Or perhaps it is Wodehouse’s perfect mastery of English prose. None of his sentences ever goes awry, though they can be as long and intricate as those in the epistles of St. Paul. Wodehouse’s English is always formally correct, yet it is sprinkled liberally with slang, odd idiomatic expressions, effortless literary allusions, and sudden punch lines that hit you between the eyes.

And then there are his characters. The inimitable Psmith (“the P is silent”), the roguish Ukridge, the indefatigable storyteller Mr. Mulliner, the puttering old pig farmer the Earl of Emsworth. And of course the perfectly amiable twit Bertie Wooster, his priceless brace of aunts (Dahlia, good, and Agatha, bad, but both formidable), his would-be fiancée, the fearsome Honoria Glossop, and his omniscient gentleman’s gentleman, Jeeves. Most Wodehouse fans find their way in via the first-person tales of Bertie. I recommend The Code of the Woosters (1938), which begins with the best description ever written of the experience of a hangover, or Joy in the Morning (1946), published in the U.S. as Jeeves in the Morning.

The latter book just mentioned was finished by Wodehouse while he was interned by the Germans as an enemy alien during the Second World War. This period in his life was almost the entire undoing of his career as a writer. Wodehouse had lived in northern France for several years when the Germans’ sudden invasion in 1940 landed him in the soup, as he might have said.
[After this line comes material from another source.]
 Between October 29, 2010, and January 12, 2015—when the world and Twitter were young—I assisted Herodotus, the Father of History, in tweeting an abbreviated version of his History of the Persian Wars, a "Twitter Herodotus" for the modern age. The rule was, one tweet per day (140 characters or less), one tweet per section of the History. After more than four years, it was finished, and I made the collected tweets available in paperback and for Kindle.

Separated from his wife Ethel for months, he suffered severe privations, ultimately losing sixty pounds. On his release from an internment camp but still in German custody, he agreed, with amazing naïveté and imprudence, to record several humorous broadcasts from Berlin, ostensibly to reassure his readers in America (which was not yet in the war) that he was all right. Of course the Germans used them as propaganda against the British, and popular sentiment in the UK turned sharply against Wodehouse, who came to regret his idiocy for years to come.
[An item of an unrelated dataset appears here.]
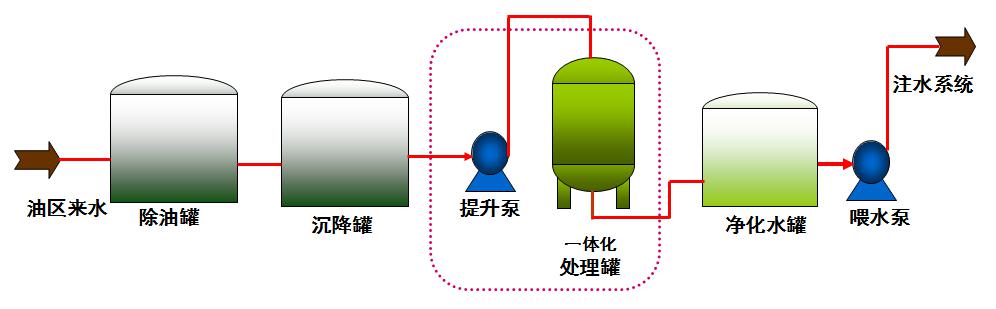 该工艺在来水矿化度≤8000 mg/L,含油≤60mg/L,悬浮物含量≤30 mg/L的情况下,处理后的水质满足含油≤3mg/L,悬浮物含量≤2mg/L,粒径中值≤1.5μm(SS以现场测试为准,含压裂液和钻井液污水除外) 。

Yet even before the larger British public forgave Wodehouse (he was knighted shortly before his death), the most fairminded of his countrymen judged him justly. George Orwell, in his 1945 essay “In Defence of P.G. Wodehouse,” said that “the events of 1941 do not convict Wodehouse of anything worse than stupidity,” and added that “the idea that in 1941 he consciously aided the Nazi propaganda machine [was] untenable and even ridiculous.”

Just how widely Wodehouse was read in his day can be guessed from this Orwell essay. Orwell’s literary judgment was not altogether kind to Wodehouse, and he remarked (social democrat that he was) that “Wodehouse’s real sin has been to present the English upper classes as much nicer people than they are.” Yet he also tells us that of some fifty-odd books by Wodehouse of which he was aware, he had not read “perhaps a quarter or a third of the total,” having discovered the author when he was eight years old. In other words, the hard-bitten Orwell had read some thirty-five or forty of the books Wodehouse had published by 1945!

Why this should be so can be explained by any true aficionado. Wodehouse’s work, from virtually any period of his long career, is amazingly consistent. One learns after a while that when one begins a Wodehouse story, satisfaction is guaranteed. Like a fresh whisky and soda, his work promises an easing of the tensions of daily life, an invitation to merriment, and a quiet contentment that in the end all will be well.